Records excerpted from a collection

++++

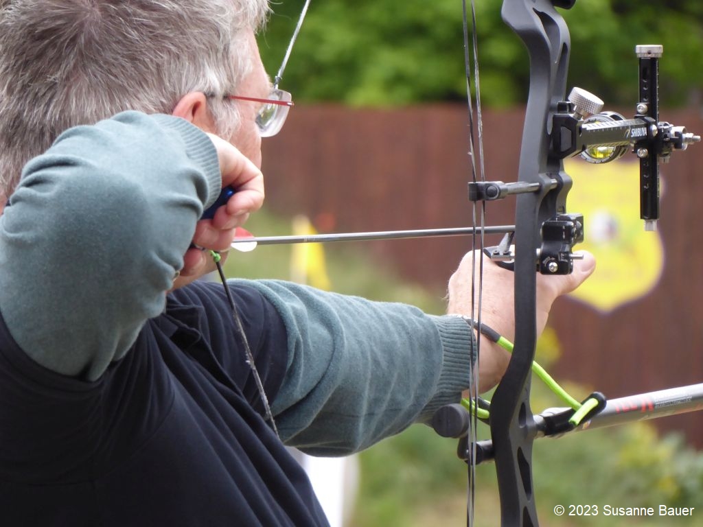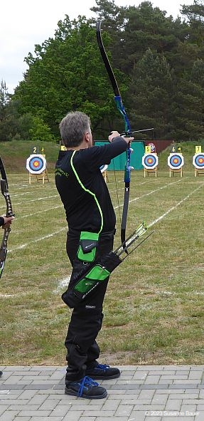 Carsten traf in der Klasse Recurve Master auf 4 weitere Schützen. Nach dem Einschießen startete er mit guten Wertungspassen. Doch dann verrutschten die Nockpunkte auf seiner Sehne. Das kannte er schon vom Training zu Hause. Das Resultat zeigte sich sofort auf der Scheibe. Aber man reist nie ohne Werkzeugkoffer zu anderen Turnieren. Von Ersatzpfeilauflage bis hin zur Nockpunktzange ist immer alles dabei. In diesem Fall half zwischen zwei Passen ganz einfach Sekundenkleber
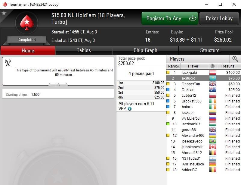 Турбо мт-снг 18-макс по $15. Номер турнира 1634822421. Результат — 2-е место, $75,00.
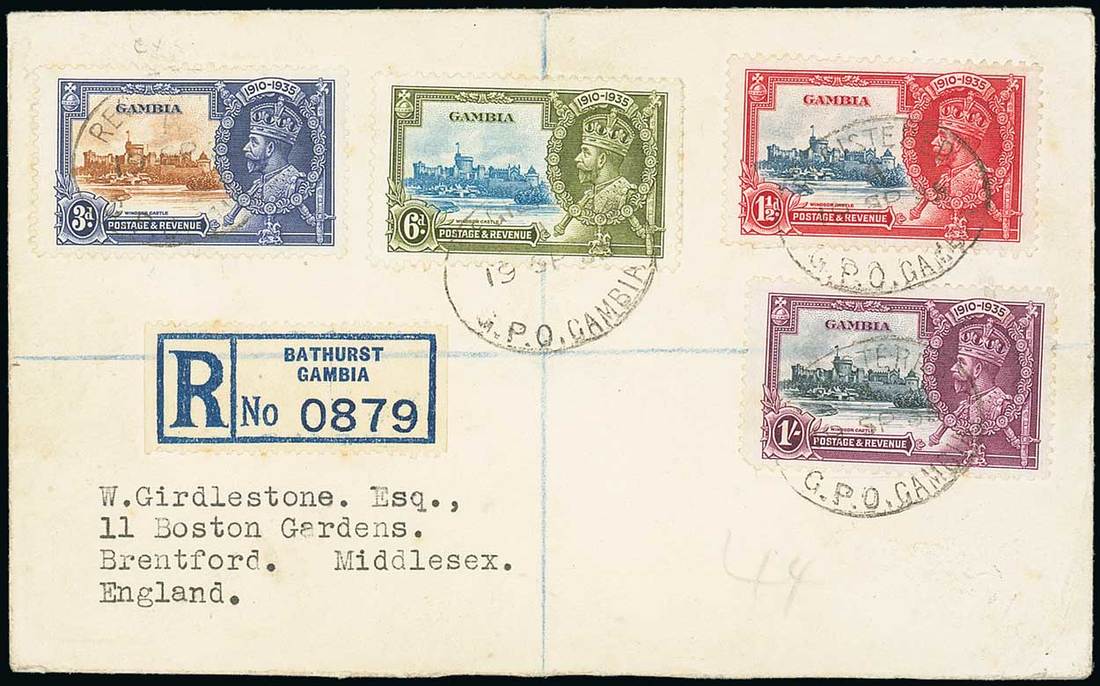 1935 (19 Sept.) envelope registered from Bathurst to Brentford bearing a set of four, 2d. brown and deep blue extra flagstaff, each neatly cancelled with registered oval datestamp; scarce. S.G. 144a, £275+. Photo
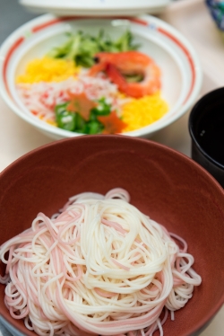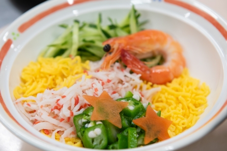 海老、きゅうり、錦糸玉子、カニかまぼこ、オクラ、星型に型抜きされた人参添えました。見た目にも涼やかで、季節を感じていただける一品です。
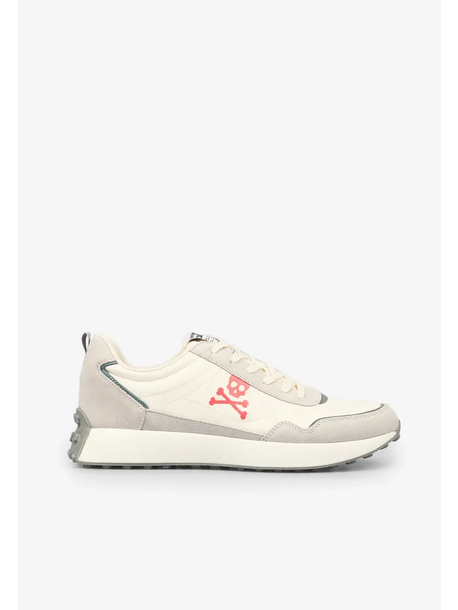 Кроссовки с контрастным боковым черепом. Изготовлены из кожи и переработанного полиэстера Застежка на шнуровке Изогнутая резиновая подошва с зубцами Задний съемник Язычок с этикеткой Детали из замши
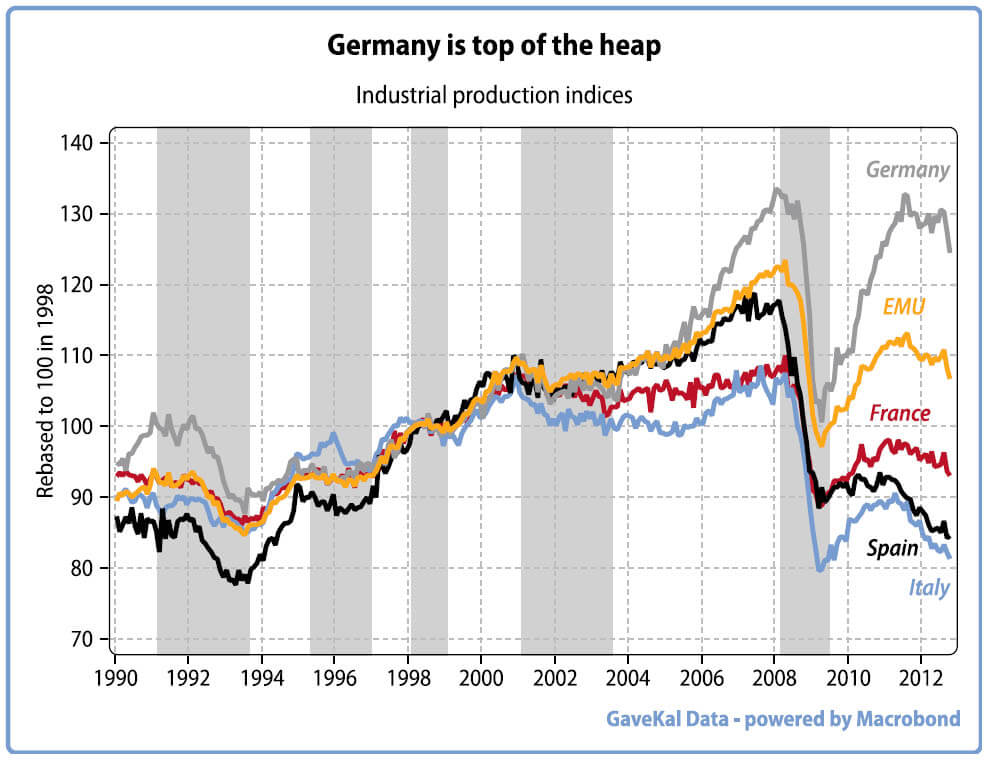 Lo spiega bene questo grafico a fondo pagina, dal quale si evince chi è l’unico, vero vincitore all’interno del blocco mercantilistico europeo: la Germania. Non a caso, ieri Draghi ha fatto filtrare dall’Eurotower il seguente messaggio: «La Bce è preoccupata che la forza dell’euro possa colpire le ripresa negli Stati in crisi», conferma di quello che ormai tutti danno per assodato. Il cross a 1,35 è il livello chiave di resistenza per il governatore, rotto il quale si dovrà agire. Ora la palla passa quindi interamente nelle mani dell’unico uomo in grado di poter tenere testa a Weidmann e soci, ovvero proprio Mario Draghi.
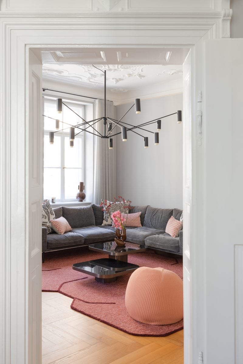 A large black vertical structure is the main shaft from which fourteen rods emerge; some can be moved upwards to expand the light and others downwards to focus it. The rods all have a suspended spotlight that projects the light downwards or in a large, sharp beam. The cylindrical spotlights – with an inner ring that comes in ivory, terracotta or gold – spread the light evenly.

++++

__PROBLEM TO WORK ON__. Drop every picture, then write out the remaining entries above exactly as they appear.

__RESULT BELOW__.
 Carsten traf in der Klasse Recurve Master auf 4 weitere Schützen. Nach dem Einschießen startete er mit guten Wertungspassen. Doch dann verrutschten die Nockpunkte auf seiner Sehne. Das kannte er schon vom Training zu Hause. Das Resultat zeigte sich sofort auf der Scheibe. Aber man reist nie ohne Werkzeugkoffer zu anderen Turnieren. Von Ersatzpfeilauflage bis hin zur Nockpunktzange ist immer alles dabei. In diesem Fall half zwischen zwei Passen ganz einfach Sekundenkleber
 Турбо мт-снг 18-макс по $15. Номер турнира 1634822421. Результат — 2-е место, $75,00.
 1935 (19 Sept.) envelope registered from Bathurst to Brentford bearing a set of four, 2d. brown and deep blue extra flagstaff, each neatly cancelled with registered oval datestamp; scarce. S.G. 144a, £275+. Photo
 海老、きゅうり、錦糸玉子、カニかまぼこ、オクラ、星型に型抜きされた人参添えました。見た目にも涼やかで、季節を感じていただける一品です。
 Кроссовки с контрастным боковым черепом. Изготовлены из кожи и переработанного полиэстера Застежка на шнуровке Изогнутая резиновая подошва с зубцами Задний съемник Язычок с этикеткой Детали из замши
 Lo spiega bene questo grafico a fondo pagina, dal quale si evince chi è l’unico, vero vincitore all’interno del blocco mercantilistico europeo: la Germania. Non a caso, ieri Draghi ha fatto filtrare dall’Eurotower il seguente messaggio: «La Bce è preoccupata che la forza dell’euro possa colpire le ripresa negli Stati in crisi», conferma di quello che ormai tutti danno per assodato. Il cross a 1,35 è il livello chiave di resistenza per il governatore, rotto il quale si dovrà agire. Ora la palla passa quindi interamente nelle mani dell’unico uomo in grado di poter tenere testa a Weidmann e soci, ovvero proprio Mario Draghi.
 A large black vertical structure is the main shaft from which fourteen rods emerge; some can be moved upwards to expand the light and others downwards to focus it. The rods all have a suspended spotlight that projects the light downwards or in a large, sharp beam. The cylindrical spotlights – with an inner ring that comes in ivory, terracotta or gold – spread the light evenly.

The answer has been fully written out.